*** Opening Dataset records ***

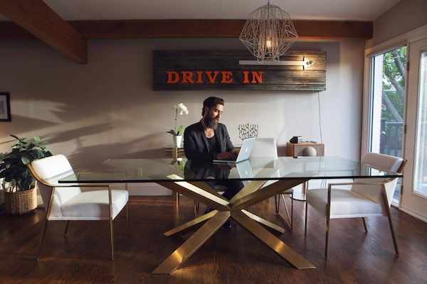 "I was walking down Queen Street West one day and walked into Commute Home, then my favourite furniture store, to look around. That's when I saw this sign and I just had to have it. The galvanized steel and pop of orange really caught my eye. I also loved that it said 'DRIVE IN,' and I thought that it would be a great addition to the dining room. But I will admit that I didn't think the wife would go for it. So what I did was I brought it home and I leaned it up against the wall from the floor and I let it sit there for three months until everyone got used to it. I then put it up on the wall and my wife couldn't be happier."
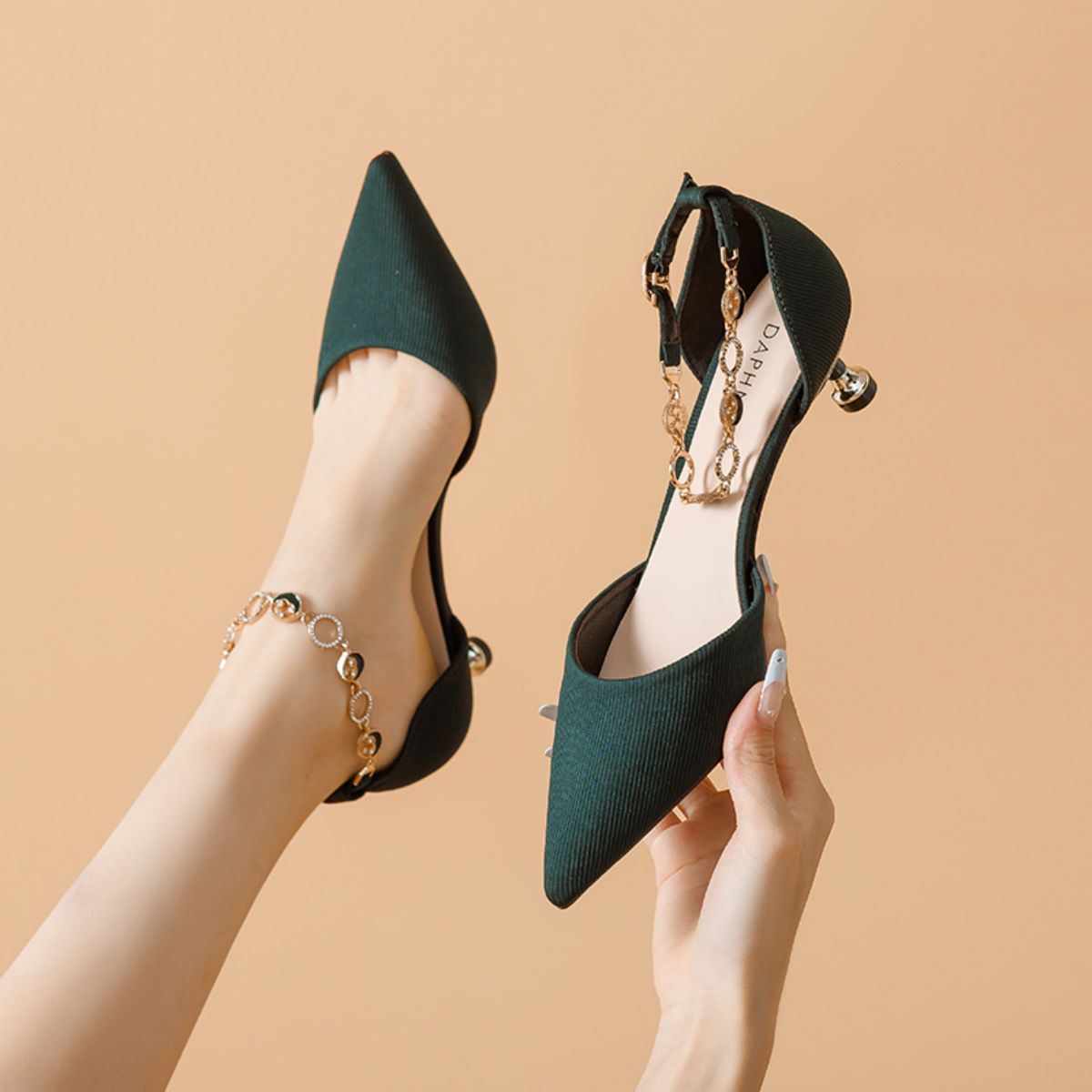 【热卖爆款】夏季百搭女士尖头高跟鞋中空凉鞋尖头高级感女单鞋 759959
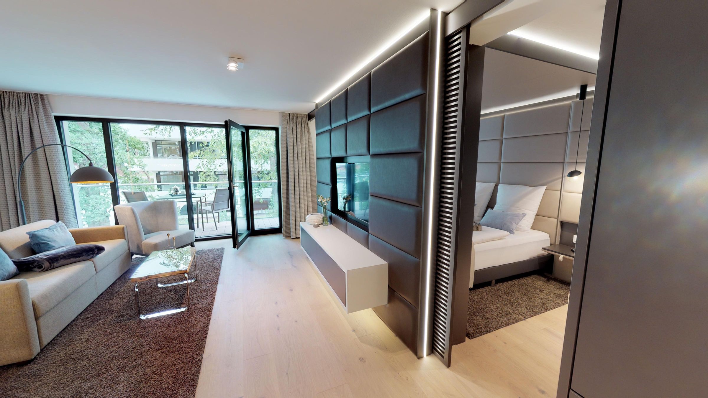 Erleben Sie eine virtuelle Reise durch das Apartment mit dem 360°-Rundgang!
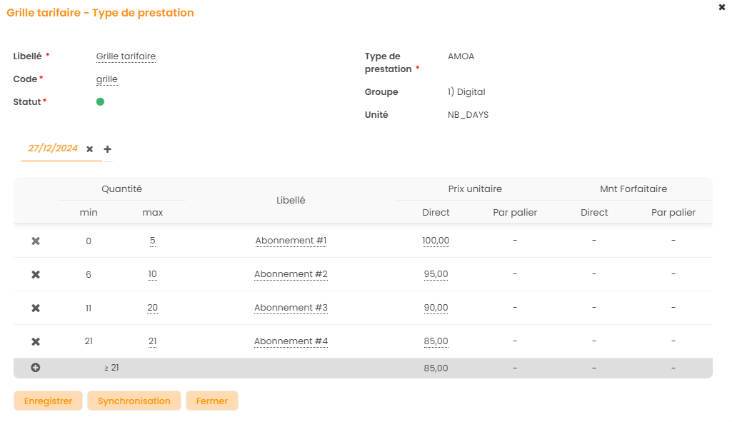 La grille tarifaire se définit par “tranches” qui sont délimitées par une quantité minimale et maximale d’un livrable. Un Montant est à renseigner selon le prix unitaire moyen et le type de facturation souhaité.
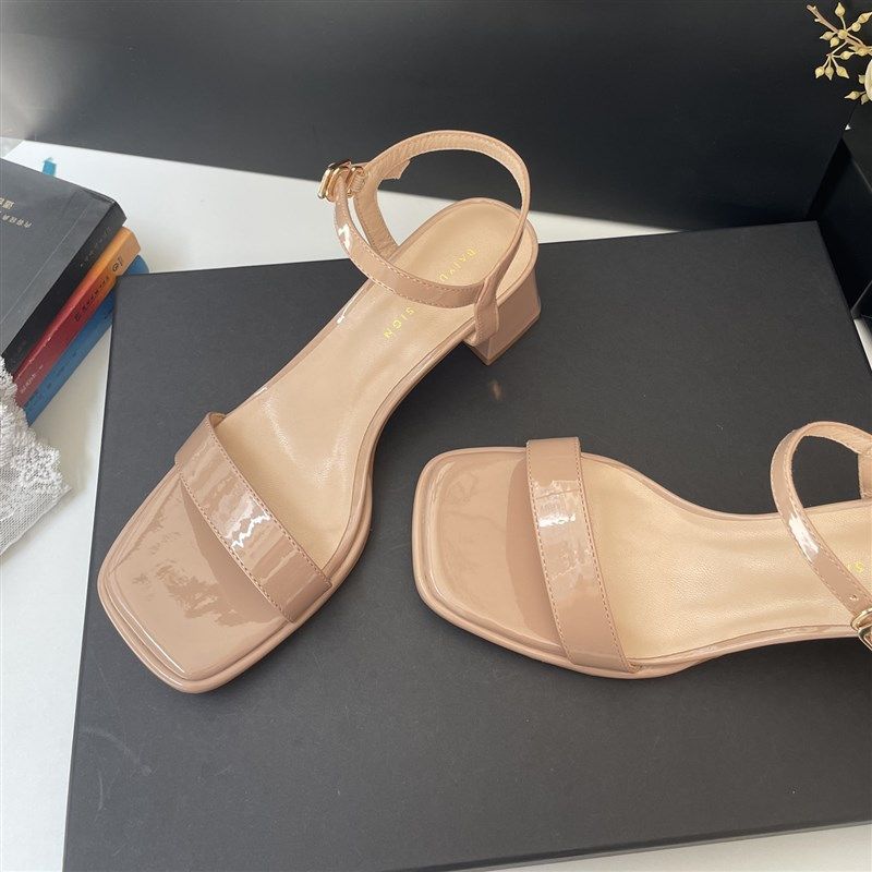 2025夏季新款一字带细跟高跟包头裸粉色漆皮大码V扣百搭女式凉鞋L
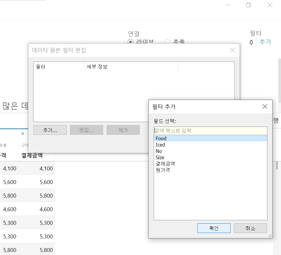 화면 우상단에 필터- 추가를 누르고 데이터 원본 편집 창에서 추가를 선택 -> 필터 추가 탭에서 Food를 선택합니다.
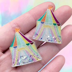 Circus House Cabochons with Glitter | Kawaii Resin Embellishment | Decoden Phone Case DIY (2 pcs / 26mm x 32mm)
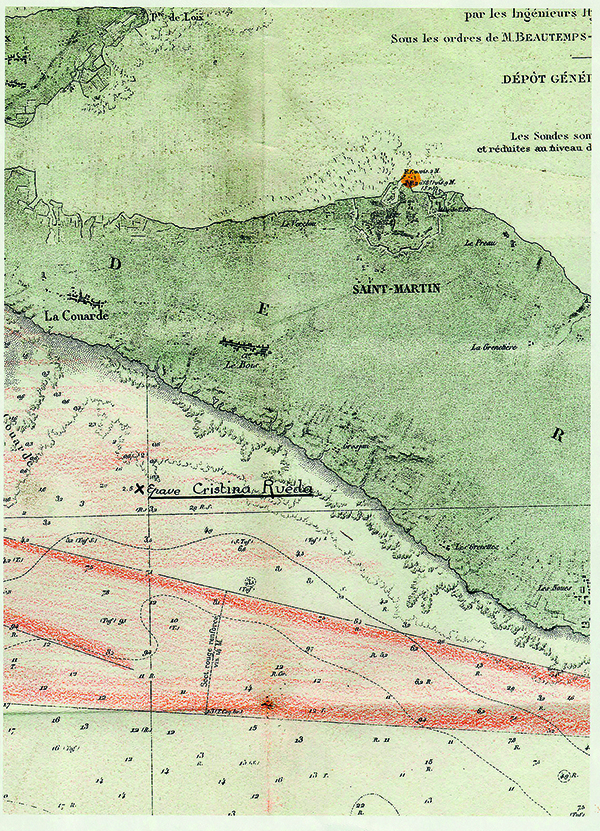 La nuit est plus terrible encore. Le vent atteint la force de l’ouragan, la mer est énorme, aucune clarté, c’est la nouvelle lune. Dans ces conditions dantesques, le capitaine Monasterio a-t-il tenté de se réfugier au mouillage à l’abri des îles, ou de relâcher à La Pallice ? On ne sait pas. Toujours est-il que son navire se trouve trop au nord de la route pour engainer le pertuis d’Antioche. Bien trop près des roches débordant le littoral de l’île de Ré, il a pu cependant parer les dangers de Chanchardon.

*** Closing Dataset records ***

What is needed: Copy nothing but the lines from the one containing "Circus House Cabochons" through the last line of the listing above, transcribed exactly and with no pictures.

Response to the exercise:
 Circus House Cabochons with Glitter | Kawaii Resin Embellishment | Decoden Phone Case DIY (2 pcs / 26mm x 32mm)
 La nuit est plus terrible encore. Le vent atteint la force de l’ouragan, la mer est énorme, aucune clarté, c’est la nouvelle lune. Dans ces conditions dantesques, le capitaine Monasterio a-t-il tenté de se réfugier au mouillage à l’abri des îles, ou de relâcher à La Pallice ? On ne sait pas. Toujours est-il que son navire se trouve trop au nord de la route pour engainer le pertuis d’Antioche. Bien trop près des roches débordant le littoral de l’île de Ré, il a pu cependant parer les dangers de Chanchardon.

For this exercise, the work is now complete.